It's no surprise that a number of top mapping and travel companies and GPS-makers have jumped into creating iPhone and Android operating system smartphone apps. The high-resolution color touchscreens and built-in GPS sensors and cameras on these devices make them natural platforms for maps, trail guides, photo taking and sharing, social media sharing, mileage and travel logs and trip diaries, and more. Smartphones also have a downside for hiking, though. They are vulnerable to water damage, and hold a charge for only a day or less. Read on for my top five picks, plus the best solar charger. Click images to expand.
Trimble Outdoors Navigator Hiking GPS App (Free, iPhone, Android)
The Trimble Outdoors Navigator app has a robust feature set for hikers including fully integrated GPS, five different map types, including streets, aerial, hybrid, topographic, and terrain, plus the ability to download and store maps on the phone, so you can use maps when out of cell phone/data range. The Navigator app is also rich in technical features for the more experienced hiker, including digital compass showing magnetic north and true north, the ability to mark, store, and describe waypoints
, stored tracks, and the ability to match your latitude/longitude or UTM coordinates to your paper map or GPS device. The Guide Trips feature lets you follow trips recorded by others. You may store and share trips on the Trimble Outdoors website.
Columbia GPS Pal (Free, iPhone, Android)
The Columbia GPS Pal app has a simpler feature set than some of the other dedicated hiking GPS apps, but it's easier to use, and faster to learn. I selected it for the top five list because it has an outstanding trip "journaling" capability including:
- Use videos, notes, and photos to set GPS tags at favorite spots.
- Track and store route, distance, time, pace, and elevation automatically.
- Rate and describe events.
- Organize and label events on Columbia's GPS Pal website.
- Share trips via Facebook, Twitter, or by e-mailed link to Columbia's site.
- Store data in both the app and on your own GPS Pal site.
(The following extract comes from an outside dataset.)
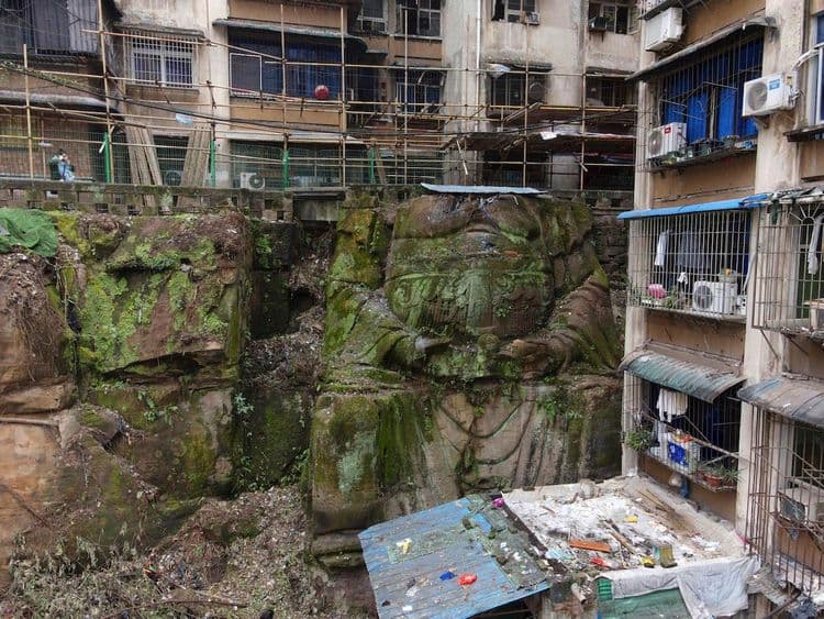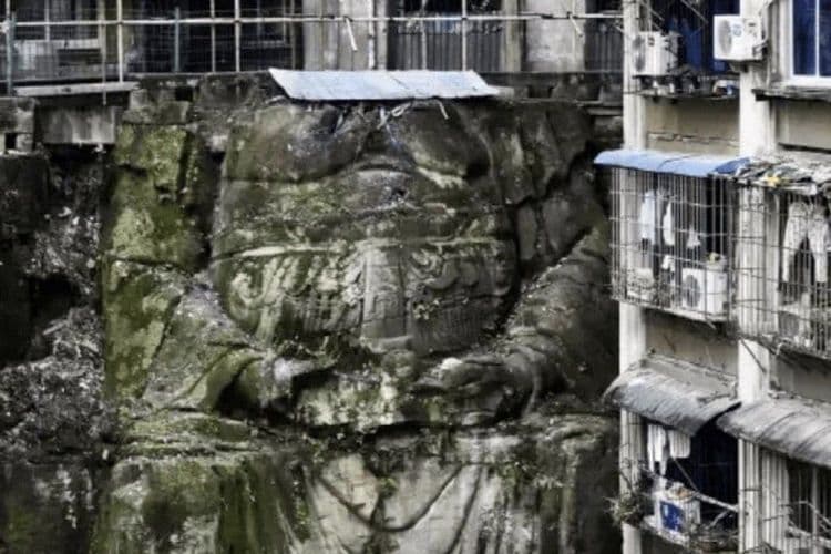 आपल्या शेजारील चीनला बराच मोठा सांस्कृतिक वारसा आहे. बौद्ध परंपरेचा प्रभाव चीनवरही आढळतो. जगातील सर्वात मोठी बुद्ध मूर्तीही चीनमध्येच आहे. अलीकडेच अगदी चार-आठ दिवसांपूर्वी चीनच्या शॉंग्किंग मध्ये एक जुनी बुद्धमूर्ती आढळून आली आहे. यात नवल तसं काही नाही, कारण अशा जुन्यापुराण्या मुर्त्या अधूनमधून सापडतच असतात. या मूर्तीचं कौतुक यासाठी की शॉंग्किंग मधील एका उंच ठिकाणी बांधलेल्या दोन अपार्टमेंट्सच्या पायाशी ही बुद्धमूर्ती आढळून आलेली आहे. परंतु ३० फुट उंचीच्या या बुद्धमूर्तीला शीरच नाही. या बुद्ध मूर्तीचा फक्त खांद्यापर्यंतचा भाग दिसतो. त्याच्या खांद्याच्या वरच्या बाजूलाच या दोन्ही अपार्टमेंटचे बांधकाम केलेले दिसेल.

- Automatic sync with website account.
Google My Tracks (Free, Android-Only)
Google's My Tracks for Android operating system smartphones does many of the things you'd expect a hiking app to do, and it does them quite well. In My Tracks, you'll find a nice maps and route tracking utility, detailed speed, time, distance, and elevation tracking, and the ability to upload and store routes to Google Maps. You may also share via Google+, Facebook, or Twitter. Setting My Tracks apart is a suite of connectivity options, including Bluetooth-compatible heart rate monitors, ANT+
heart rate monitors, and SRM bicycling power meters. My Tracks is also exceptionally good for exporting routes to various standard formats including GPX and KML.
MotionX GPS ($0.99, iPhone)
MotionX was one of the earliest entries into the GPS hiking
app category, and to the company's credit, it has been aggressively updating the app and adding features at a steady clip. MotionX offers several different apps, and this review is for the MotionX GPS version for hikers. MotionX is known for its distinctive, wheel-shaped touchscreen control panel, which provides quick and direct access to its functions. MotionX GPS also has an easy-to use control panel for starting and stopping track recording. Maps, record tracks, mark waypoints, download and store maps for use when out of cell tower range, digital compass, and sharing are all on board the MotionX app. You may also set the app to provide live updates of your position.
National Parks by National Geographic (Free, iPhone)
National Geographic puts a different spin on the hiking GPS app category with a focus on U.S. national parks
. After you download and install the free app, you can get highly detailed information about national parks for in-app purchase from $0.99 to $1.99. Park information includes maps, guides, tips, "park secrets," beautiful photos (this is National Geographic, after all), and the ability to get collectible digital stamps for parks visited, and to share your trips. One user called this app "inspiring" and I have to agree. It makes you want to experience the parks and appreciate their beauty.
Smartphones use battery power at an accelerated pace when running a GPS app. If you are hiking or backpacking and using an app to stay on track, you will need to recharge more frequently than usual. That can be a problem out on the trail, which is why I'm including a terrific portable solar charger in this review. The JOOS Orange charger stands out because it makes highly efficient use of solar power - unlike much of the competition. For example, JOOS Orange can generate 2 hours of 3G talk time for every one hour in the sunlight. JOOS Orange is waterproof and rugged, and has its own built-in battery. It comes with a charging cable, USB and micro USB ports, and charges iPhone iPad, Android, etc. as well as cameras that take micro USB.